How the assembler work

Meta commands
S2 Assembly language
S2 instruction format
Pass1
Pass2
Extended instructions

Syntax of the assembly language

Meta commands  (.s .a .c .w .e)

There are three sections which can occur in any sequence: define symbols, code section, data section.  Each section starts with a meta command: .s for symbol section, .c for code section, .w for data section.  Each section ends with any meta command.

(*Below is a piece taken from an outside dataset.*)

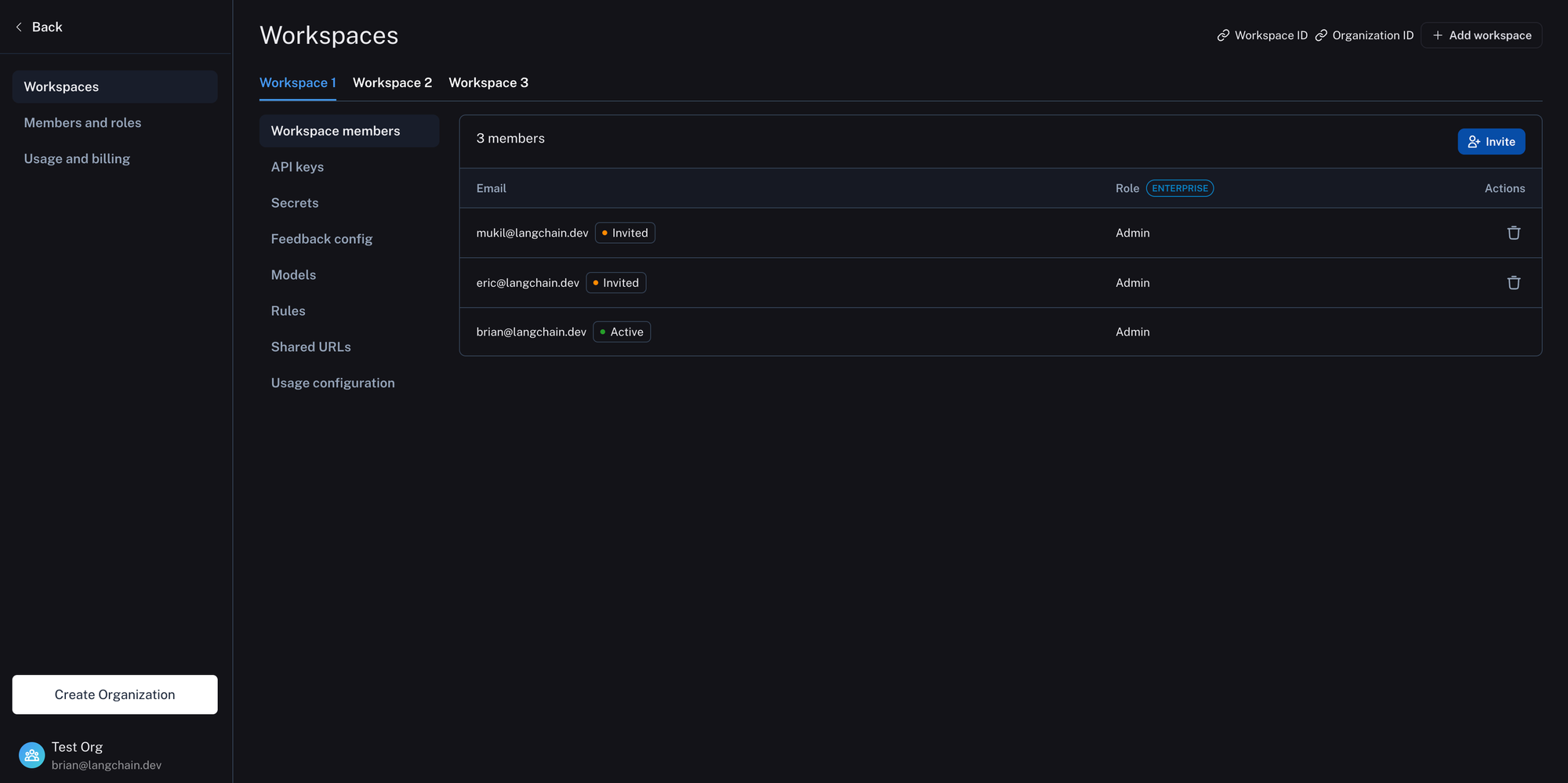 Users in shared organizations for LangSmith can create multiple workspaces and assign teams, business units, deployment environments, or another internal grouping to each one for streamlined efficiency. They’ll also be able to invite multiple users to your organization and workspace(s) at the same time, at the organization level. See our docs for more details.

Other meta commands are: .a sets the current address, .e ends the assembly file. .e must be the last line.  The ';;' starts the comment to the end of the current line.  Comments are not interpreted by the assembler.

In symbol definition section, symbols are defined with their associated values.  The data section defined constant values.  Lables can be defined in any section and they can be referred to by other assembly instructions.

;; comment
.s           ;; define symbol
symbol n     ;; n is value
. . .
.a n         ;; set address to n
.c           ;; code segment
:label op opr1 opr2 ...
. . .
.w           ;; data segment
v v ...      ;; v is number or sym
.e           ;; end of program
.s .a .c .w  can occur in any sequence.  .e is the last line of program.

S2 Assembly language

op opr1 opr2 ...
  where
    opr -> v #v @v +v
    v -> n | sym
The convention for operand ordering is: op dest source.  The operands are written in such a way to simplify the assembler using prefix to identify the addressing mode.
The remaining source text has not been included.